Each tester will need to be uniquely identified in order to allow an assessment of their input (see the biases section below). In addition, by collecting a small amount of information about the background of each tester, for example their main occupation (web developer / accessibility expert / etc.) and their familiarity with different classes of UA (text-only browser / aural browser / etc.) we will be able to detect systematic effects from people's different biases about what makes good alt text (although we should nevertheless try to provide clear instructions -- see the biases section below).

Proposed Implementation

Client could be a web app or not.

Web App

Advantages

  • Easy to get going with little effort -- makes attracting testers easier

Disadvantages

  • Harder to control things like whether images are displayed and/or whether CSS is on or not
  • Harder to do things like cross domain requests -- needs more server side code

Desktop app or FF extension has opposite problems.
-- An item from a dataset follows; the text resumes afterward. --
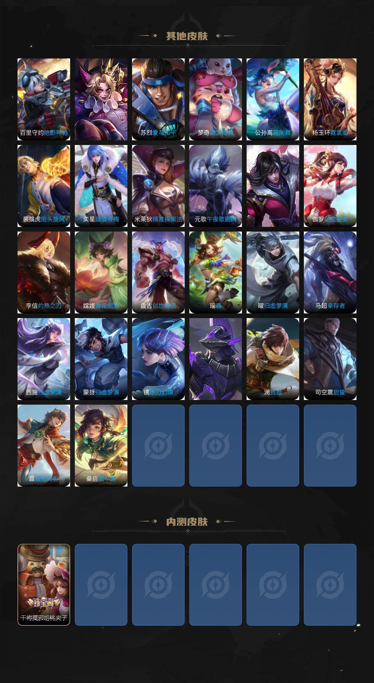 狂铁御狮,米莱狄御霄,牛魔御旌,盾山御銮,夏侯惇朔风刀,明世隐疑决卦,老夫子醍醐杖,鬼谷子原初探秘者,狄仁杰万华元夜,程咬金演武夺筹,钟馗驱傩正仪,苏烈千军破阵,女娲朔望之晖,典韦蓝屏警告,沈梦溪星空之诺,李元芳银河之约,刘邦夺宝奇兵,马可波罗暗影游猎,弈星混沌棋,达摩沙漠行僧,兰陵王金庭之子,沈梦溪大漠名商,李元芳云中旅人,桑启海盐诗旅,裴擒虎擒涛扼浪,鲁班大师探海日志

Leaning toward a simple FF extension but discouraging participation is a big worry.

In either case need something on the server side. Should be a simple database backed site - no problem in most frameworks. Just needs to accept e.g. JSON via post and be able to give out URLs. Handling authentication and user accounts is more difficult, suggests that using something where that problem is already solved rather than trying to roll something new might be a better idea.

Possible Sources of Bias

Choice of Sites

This is a hard problem but we have to suck it up.

  • Not possible to get a totally random sample of the web (and it's not clear that that's what we want anyway)
  • Ideally want a large sample probably biased by page rank (since people are more likely to visit high page rank sites, although there is a long tail)
  • Language is a problem. Start with English only and then, if successful localize.
  • Will inevitable have some bias but this is not necessarily a problem as long as it is not too large and well understood
  • Breath of sites more important than depth in particular sites - but we don't want to be biased entirely toward front pages

Possible strategy (needs refinement)

  • Start with searches for common terms or individual letters (bias toward popular, high page rank sites)
  • Select a random selection of the sites returned in the first n (e.g. 100) results
  • For each site selected select up to 2 internal (same domain) and 2 external links
  • When following the subsequent internal links, select only one internal link and on that page select only external links
  • These numbers could be optimized for looking at data for the depth of sites - may want to go deeper but only select e.g. 1 front page link
  • people could also opt-in websites by activating the plugin/app...

Different Expectations from Different Testers

Have a group of test pages that each tester is sent to at random during their first few sites. Check that their answers broadly match the expected answers for those sites.